Posted 06 December 2010 - 09:43 PM
Yes, shallow cranks are fairly easy to get working. But you should build what you are going to use. If you only use deep cranks, then a shallow runner is not going to help you. I only do shallow cranks at the moment, but other members do a lot of deep cranks, so help is at hand.
Posted 06 December 2010 - 10:08 PM
Dont over think it shaners.... Just make the sucker and go fish it. Trial and error is the best way to learn.
And if you screw up!!!! Give it to Bob's Brother in LAW
Edited by The_Rookie, 06 December 2010 - 10:09 PM.
Posted 07 December 2010 - 11:53 AM
Based on what I like to fish, I'd build a 2-2/14" flat sided bait with a circuit board lip. That's the optimum style bait for fishing shallow rocky cover. Added benefits: circuit board lips and flat sided bodies are the easiest to shape accurately.
Posted 07 December 2010 - 05:55 PM
I picked up a piece of pvc 1X4X8 today so I will have to work on a design.
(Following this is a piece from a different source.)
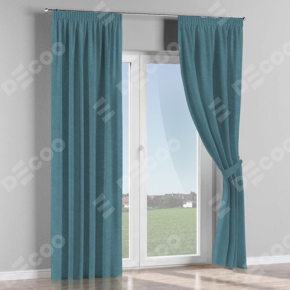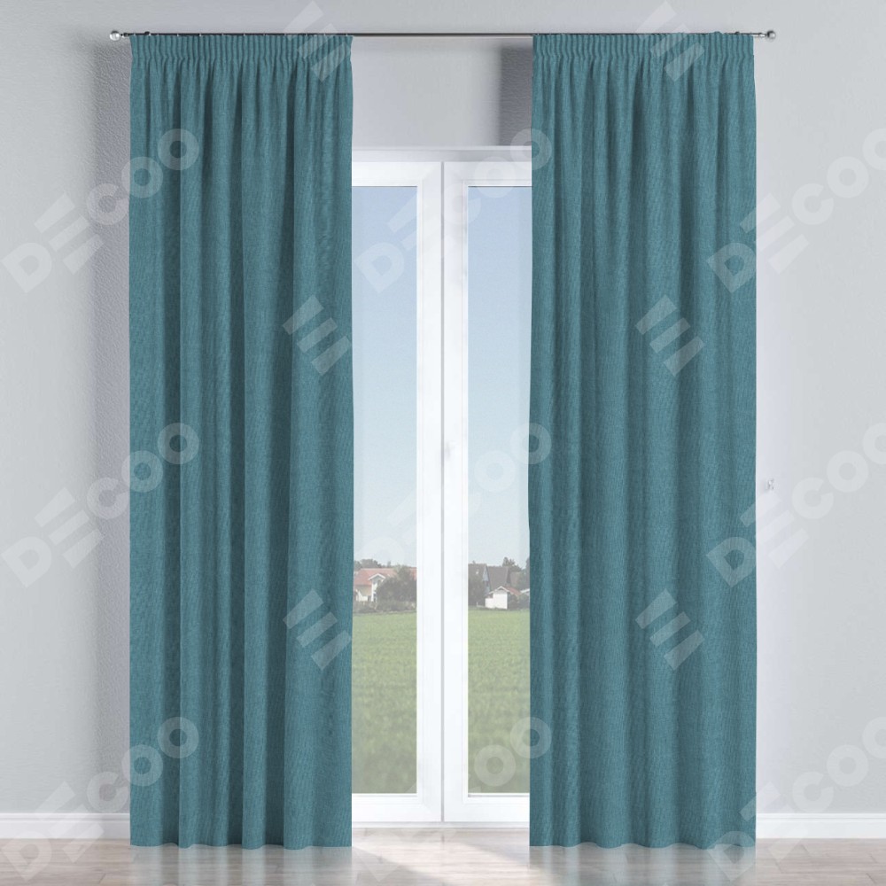 Комплект прямых штор, от производителя «Cortin», пошиты из ткани лён димаут светло-синий, артикул ткани 91007. С изнаночной стороны в верхней части штор пристрачивается шторная лента с декоративными складками «Карандаш». Для создания элегантных складок прямые шторы шьются по стандарту с коэффициентом 1:2 (на 100 см. ширины проёма 200 см. ширины ткани).

The board I bought is 3/4 thick and has a glossy finish all of the way around, so I sand all sides and it all came off easy. ( wasn't sure if it was a skin that had to be cut off) I cut a 1" strip off of the board and sat it in water to see the buoncy of it. The piece floated with about half out of the water.
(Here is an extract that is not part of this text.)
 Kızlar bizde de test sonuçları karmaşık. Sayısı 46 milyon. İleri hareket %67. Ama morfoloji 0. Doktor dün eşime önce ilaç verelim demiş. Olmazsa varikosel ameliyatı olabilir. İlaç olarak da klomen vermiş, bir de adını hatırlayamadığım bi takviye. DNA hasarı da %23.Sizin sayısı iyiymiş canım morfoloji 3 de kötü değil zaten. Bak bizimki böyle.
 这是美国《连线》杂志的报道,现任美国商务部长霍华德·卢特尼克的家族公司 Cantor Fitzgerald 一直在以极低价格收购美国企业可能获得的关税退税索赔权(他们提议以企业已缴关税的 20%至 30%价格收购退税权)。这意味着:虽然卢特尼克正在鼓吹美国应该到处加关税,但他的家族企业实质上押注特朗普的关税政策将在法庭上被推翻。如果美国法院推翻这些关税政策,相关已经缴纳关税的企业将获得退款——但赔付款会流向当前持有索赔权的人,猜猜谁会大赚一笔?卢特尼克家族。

I said all of that to ask this, Does this sound like the correct material to make cranks out of?
BobP, That sounds like a good idea. Now I will have to find some circuit board and other hardware that I will need. Do you make your own hardware or do you buy screw eyes?
I believe I read that superglue works best for glueing pvc together, but what do you use to glue in the lips and and screw eyes?
Thanks for all of the help.
Posted 08 December 2010 - 08:47 AM
I do not attach my line ties to my crank lips, so I don't need the same strength for attaching them.
If I did, I'd use D2T.
For my lures, I use gap filling crazy glue to attach my lips, and to coat my screweyes before I run them in for the final time. There is an accelerant in a spray bottle I bought that sets up the glue fast once the bill is positioned correctly.
Edited by mark poulson, 08 December 2010 - 08:49 AM.
Posted 08 December 2010 - 11:09 AM
You can get yellow 1/32" (.031") G10 circuit board (aka Garolite) from mcmaster.com. They also carry a green G11 circuit board for a little more money. McMaster-Carr also sells polycarbonate (aka Lexan) and various types of wire at decent prices. Many guys go with store bought screw eyes and I'm sure they'll hold fine in PVC. Personally, I prefer to hand twist screw eyes from .040" soft temper stainless steel wire that I also get from McMaster. It's called "Safety Wire" and comes in a 1/4 lb spool for $6-8. Lots easier to work than hard temper stainless and it's plenty strong enough for bass crankbaits. Hard temper stainless in .031 diameter also works. If you'd rather not "roll your own" lips and hardware, you can buy both from Jann's Netcraft or other online sources.
I don't build from PVC so don't know about PVC-specific glues. I often use Devcon Two Ton 30 minute epoxy to glue in hardware/lips and as a clearcoat on the bait when I finish painting it. There are many options on clearcoats (probably the most discussed topic here on TU) . Use the search feature at the top of the page to explore hundreds of threads about them.